The United States economy might not be quite as strong as many analysts originally had believed it was. The gross domestic product of the U.S. dropped slightly for the month of July, and although many traders were surprised by this, for those that had a hand in the markets and an ability to adapt and trade the news, they were able to take advantage of the news.

As a result of this, the U.S. dollar fell dramatically on Friday, July 29th, against the major currencies. The EUR/USD finished up the U.S. trading day at 1.1174, after starting below 1.1100. That’s not an unheard of move, but it is a rather large one, and it is one that even those that don’t pay attention to the Forex market will have to take note of if they want their trades to remain accurate. For traders, this is especially important as it is just as easy to trade a currency pair’s movement as it is any other type of asset. In fact, this could spell even more opportunity for some because many brokers offer higher rates of return on currency pairs.

As you probably know, when the dollar drops, stocks go up. This was certainly the case on July 29th, as the major indices rose. Yes, there was a lead in this category anyway thanks to major companies like Google, Facebook, and Apple all releasing their earnings during the course of
the previous few days, and all of these companies had surprisingly good earnings. The indices were bound to rise, but a weakening dollar made this almost guaranteed. The price
of gold, which had begun to show signs of entering a bull market, took off at an even more rapid pace.
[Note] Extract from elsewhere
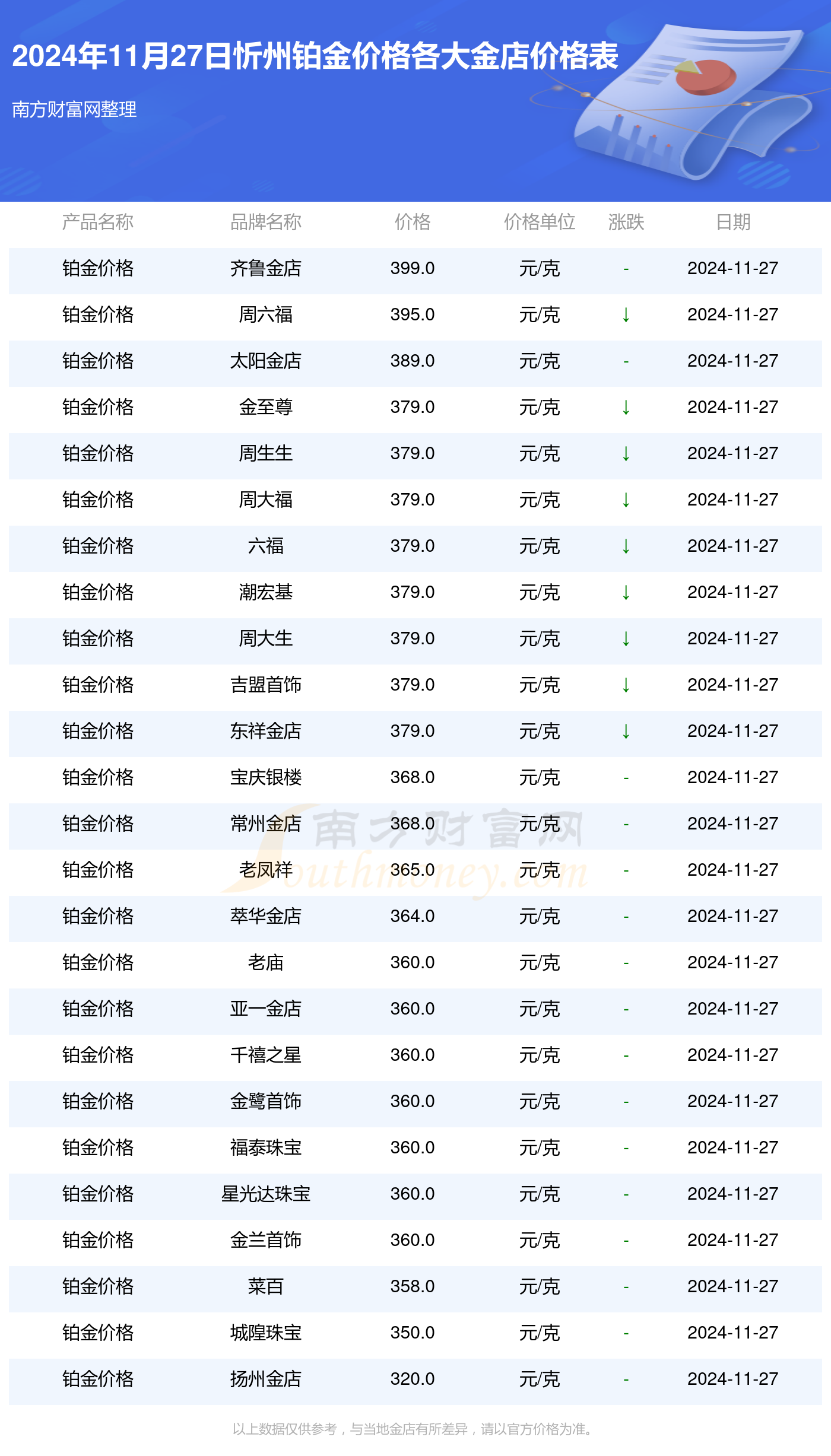 忻州各大金店铂金价格查询(2024年11月27日)

One interesting thing to note is that the Dow Jones Industrial Average dropped by 0.1 percent, its fifth straight drop in price. While the S&P 500 is sitting just a couple points behind its all-time highest level, the Dow is slowing down it’s advances. It trimmed back its gains to 2.8 percent for the month of July. This is the Dow’s longest slump in over a month, but as stocks gain more and more traction, it’s something that should be easily overcome. In fact, this could even present a great opportunityfor some traders as it leaves more room for growth after the Fed decision to wait and the weaker than expected GDP data.
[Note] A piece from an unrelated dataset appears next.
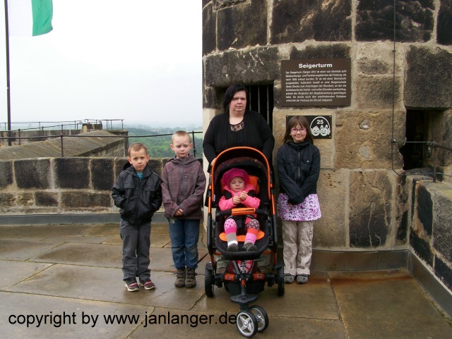 Die neuen Sachen für den Kindergarten und das neue Trampolin. Gemeinsamer Ausflug auf die Festung Königstein, der etwas durch den Regen vermiest wurde.

Right now, according to estimates, the odds of a Fed rate hike stand at 36 percent for December. Because of the less than outstanding data that was released toward the end of July, what is happening is that investors are predicting that the Fed will not be able to raise the interest rate until after the results of the U.S. Presidential election is over. Major elections have the ability to sway markets, but the results are usually short term. The only reason that a decision by the Federal reserve would be stalled until after the election would be because of a long term need. And while the prediction rate has dropped for a December move, it is still viewed by the professionals in the industry as the most likely time that a rate hike will occur.
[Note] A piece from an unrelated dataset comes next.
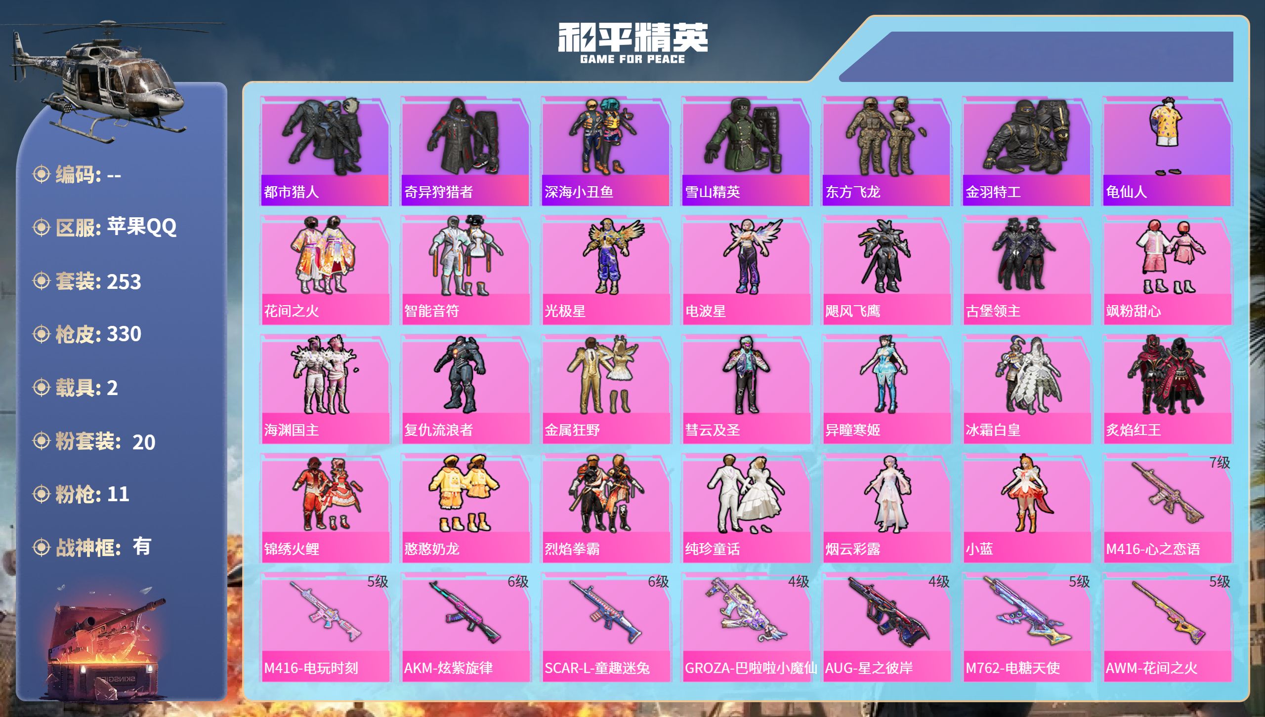 PX_2550068-苹果手Q-18王牌印记-有战神框-20粉装-11特效枪-2载具-热力值-253套装-330枪皮-2卓越印记-1传奇印记 【20粉装】套装-彗云及圣,套装-古堡领主,角色-异瞳寒姬,套装-烈焰拳霸,套装-锦绣火鲤,套装-憨憨奶龙,套装-飒粉甜心,角色-小蓝,套装-纯珍童话,套装-飓风飞鹰,套装-炙焰红王,套装-智能音符,角色-光极星,套装-海渊国主,套装-冰霜白皇,角色-复仇流浪者,套装-花间之火,角色-烟云彩露,套装-金属狂野,角色-电波星 【11特效枪】M762-电糖天使/5级,蜜獾-辉耀战甲/6级,M416-电玩时刻/5级,Vector-环太平洋/5级,GROZA-巴啦啦小魔仙/4级,AUG-星之彼岸/4级,SCAR-L-童趣迷兔/6级,AKM-炫紫旋律/6级,M416-心之恋语/7级,PKM-江南烟雨/4级,AWM-花间之火/5级 【7稀有紫装】都市猎人,奇异狩猎者,深海小丑鱼,雪山精英,东方飞龙,金羽特工,龟仙人 【2稀有载具】宾利飞驰(布罗德盖棕双色),布加迪威龙(律动橙) 【253稀有时装】花间之火,智能音符,光极星,电波星,飓风飞鹰,古堡领主,飒粉甜心,海渊国主,复仇流浪者,金属狂野,彗云及圣,异瞳寒姬,冰霜白皇,炙焰红王,锦绣火鲤,憨憨奶龙,烈焰拳霸,纯珍童话,烟云彩露,小蓝,迅捷龙虾,都市猎人,奇异狩猎者,龟仙人,雪山精英,深海小丑鱼,东方飞龙,金羽特工,大橘为重,潮萌小黄鸭,Alan,Walker,萌趣咩咩,神秘黑猫,软萌银虎,海上生明月,龙魂突击队,小熊娃娃,星途旅人,冰河战士,诡面顽熊,雏菊兔兔,香桃花海,蝶变,粉日山川,琴音绮想,画境星梦,喜羊羊,萌鸡速递,书海巡游,青翼流星,SS35特训,迷域探索者,机械英豪,机械征服者,SS29特训,萝兰蝴蝶,SS31特训,SS16特训,SS36特训,焰鹰斗篷,英勇保护者,智慧隐士,湖雨初晴,云丝凤蟒,福星高照,暗夜契约,纯白誓言,豚鼠丹丹,虎虎生威吉莉,夏日音浪,五号元素,军刀雅典娜,潮流炫酷,SS8特训,众神之王,智慧之神,白熊同盟,萌黄之夏,隐空刺,影双刃,SS37特训,PEL摇滚竞梦者,蝶吟花词,SS28特训,特训学院,猎鹰,深海来使,青年教官,暗黑骑手,橘黑制服,红色运动,黄色运动,蓝色运动,极速竞梦,黄色伏地魔,飞驰魅影,白色伏地魔,音速流光,热血青春,冰川格斗者,SS9特训,白月香洋装,酒红色名流,阳光火鸡,湖蓝色名流,黄色名流,丝绸行者,酷潮明星,绯格组合,涂山之恋,迅猛虎鲸,漫步者,黑色伏地魔,黎明保卫者,炫蓝之夏,SS34特训,竞技名士,蓝色守护者,深蓝色名流,猛禽,荷鲁斯之眼,SS30特训,长空猛禽,神奈川冲浪里,安第斯皇冠,特战装甲,灰色格斗者,六六大吉,甜蜜告白,本愿之火,街头潮人,辉星之火,怒火燎原,冷焰舞者,魅力单车,灼焰舞者,雪山征服者,水银刺客,猎梦纪元,丛林猎人,甜心亚梦,虚音幻奏,极地朋克,贵族骑装,幻世战舞者,蓝甜马卡龙,青春校园,战地名士,牛气满满,迎春赐吉,娇憨猪猪,风暴特警,春日漫步,冰川特警,燃烧卡路里,幻影公爵,极速红龙,狙击之神,红釉青花,麻辣教官,鹰眼刺客,雨过天青,冰冻风暴,完美偶像,SS11特训,人气偶像,幽夜迷踪,幻影武者,青春冒险家,破蛋小黄鸡,潮流游乐家,疯狂小兔子,特战英豪,酸甜橘柚,蓝彩潮人,千禧之恋,神秘领域,奶油香芋,耀眼新星,坚韧舞者,竞技达人朋克,淡雅花蕊,野性战心,原初圣火,逆风勇士,海岛探路者,李逍遥,核芯基因,精神漫游,幻世保卫者,霓虹街区,田园牧歌,萌趣颜团子,轻风白浪,SS10特训,风行保卫者,特种颜团子,沙漠兵团,闪金天王,镭射皇者,耀粉歌者,风华少年志,探宝勇士,SS12特训,SS27特训,牛气冲天,迅捷之星,SS18特训,治愈之星,银白舞王,清新柠檬,科技之星,SS13特训,飞行日记,SS17特训,瑞龙福将,团圆交子,金耀舞者,蓝调潮人,绚烂繁星,空投萌叽,SS19特训,光之冒险,SS20特训,SS21特训,玉兔迎春,弄潮海豚,深海梦境,SS22特训,SS23特训,摩登艾咪,甜蜜熊情侣,缤纷果语,SS14特训,龙舌兰冰茶,神气柴柴,妙红点点,幻彩翩翩,格斗先锋,幻羽潜行,海盐绵绵冰,吉莉礼服,王牌教练,柠萌假日,粉红小猪,SS24特训,懵萌河马,短笛,快乐星愿,蝎王蛇后,黑夜传说,SS15特训,深蓝冒险家 【331稀有枪械】M416-心之恋语/7级,M416-电玩时刻/5级,AKM-炫紫旋律/6级,SCAR-L-童趣迷兔/6级,GROZA-巴啦啦小魔仙/4级,AUG-星之彼岸/4级,M762-电糖天使/5级,AWM-花间之火/5级,Vector-环太平洋/5级,PKM-江南烟雨/4级,蜜獾-辉耀战甲/6级,S1897-青蛇行歌,DBS-乌木金纹,Famas-墨龙九天,Vector-创世·救赎,SCAR-L-海盐豹豹,GROZA-海盐豹豹,野牛-雏菊兔兔,Mk14-冰河战士,AKS-74U-尼罗河传说,平底锅-雏菊兔兔,M762-雏菊兔兔,Mini14-雏菊兔兔,Famas-突变脉冲,M200-宇宙意志,Vector-突变脉冲,R1895-雏菊兔兔,UZI-冰河战士,M16A4-冰河战士,MK20-H-乌木金纹,Win94-乌木金纹,MK12-乌木金纹,ACE32-画境星梦,M1加兰德-画境星梦,MP5K-画境星梦,SPAS-12-狂鲨锋刃,UZI-炫彩糖果,AA12-G-画境星梦,平底锅-画境星梦,AKS-74U-乌木金纹,破片手榴弹-拽到爆炸,MG-36-薄荷星砂,SVD-霓彩脉冲,SLR-霓彩脉冲,SCAR-L-彩虹符号,S12K-霓彩脉冲,M416-红色方程式,M416-神秘黑猫,M416-乌木金纹,M416-夜灯,M416-糯团青竹,M416-绿野极光,M416-滑板小狐,M416-彩虹嘻嘻猴,AKM-环太平洋,AKM-影袭,AKM-墨染幽兰,AKM-锦绣火鲤,AKM-夜灯,AKM-奇异狩猎者,AKM-乌木金纹,AKM-星之彼岸,AKM-彩虹符号,AKM-江南烟雨,AKM-龙的传人,AKM-玉龙,AKM-灼热熔岩,AKM-虎虎生威,AKM-萌趣颜团子,AKM-阿狸红,SCAR-L-玉兔迎春,SCAR-L-乌木金纹,SCAR-L-银碳小老虎,SCAR-L-繁花小夜曲,SCAR-L-怪兽之王,SCAR-L-扶摇飞仙,SCAR-L-炫彩节奏,M16A4-机械英豪,M16A4-幻世战舞者,M16A4-甜心亚梦,M16A4-九霄,GROZA-乌木金纹,GROZA-春暖花开,GRO

Of course, there will be both ups and downs in the markets until the next rate hike occurs, but oftentimes a Fed move is seen as the catalyst for change. And while it is, the move is often predictable and at least partially accounted for before it occurs. As you go about making trades in any market, keep this in mind so as not to expose yourself to too much undue risk by ignoring sudden changes or predicted changes that never materialize.